Savoir les doser pour mieux les utiliser

En pratique, ces attitudes révèlent sur quoi on est centré lors de l’interaction :

  • centrage sur l’action (conseil)
  • centrage sur les faits (investigation)
  • centrage sur le sens et le pourquoi (interprétation)
  • centrage sur les valeurs, le bien et le mal (évaluation-jugement)
  • centrage sur le bien-être et le positif (soutien)
  • centrage sur la personne (compréhension – reformulation)

Certaines attitudes sont une fin en soi (conseil), d’autres sont plutôt des moyens pour aller vers une autre attitude (investigation puis conseil, évaluation ou interprétation).
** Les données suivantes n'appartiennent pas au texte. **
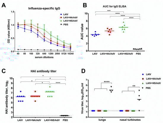 Immunogenicity and protection against influenza virus. (A) Serum influenza-specific IgG measured by ELISA using the whole H7N9 LAIV virus as an antigen. The OD450 values are shown for the indicated serum dilutions (n = 6). (B) The area under the curve values (AUC) for the serum IgG ELISA were calculated for each mouse using the trapezoidal rule. (C) Hemagglutination inhibition titers to the H7N9 LAIV virus (n = 8). (D) Tissues were collected on day 3 after infection with the H7N9-PR8 influenza virus (n = 4). Representative data from two independent experiments are shown. Data were compared using a one-way ANOVA followed by Tukey’s multiple comparison test. The asterisks refer to the level of significance: * p < 0.05, ** p < 0.01; *** p < 0.001, **** p < 0.0001. Dotted lines indicate the limits of viral detection.

Certaines sont risquées à haute dose : évaluation, investigation.

D’autres sont sujettes au hors-piste : interprétation, soutien, conseil.

L’attitude compréhension-reformulation, encouragée par Porter dans un cadre d’accompagnement fondé sur l’empathie, est à la fois la plus prudente et la plus enrichissante car elle permet de faire émerger des prises de conscience et des solutions de la personne elle-même, sans s’imposer.

C’est aussi la moins “spontanée” et parfois elle doit s’apprendre et s’entretenir mais elle devrait être plus souvent privilégiée.

D’autant que la frontière n’est pas forcément évidente à tracer tant il est facile de basculer de l’une à l’autre : par exemple, une reformulation de type “tu dis que ” peut vite tomber dans l’interprétation si on ajoute sa touche personnelle, “ah, en fait ce que tu voulais dire …”.

Comment définir le « bon dosage »?

Plusieurs questions à se poser pour que l’utilisation de ces attitudes soit plus consciente :

  1. Prendre conscience de son “centrage naturel” guidé par ses moteurs personnels :
    • être toujours dans l’action, trouver des solutions, jouer les sauveurs ?
    • donner du sens, apporter la lumière de la connaissance ?
    • faire triompher ses valeurs et opinions, avoir toujours raison ?
    • jouer les justiciers, atteindre la vérité ?
    • soulager les souffrances ?

  1. Identifier le contexte de l’interaction et savoir ce qu’on attend de nous – au besoin, le faire valider :
    • quelle est sa casquette dans l’interaction : conseil, collègue, manager, thérapeute, …?
    • qu’attend-on de nous sur le moment : un autre point de vue, une solution, un discours positif, un encouragement, un avis sincère, une oreille amicale ?
    • en cas de doute, faire valider le rôle attendu : cela permet de s’assurer qu’on n’est pas à côté de la plaque et aussi de se donner la possibilité de refuser le rôle, si on ne s’en sent pas capable.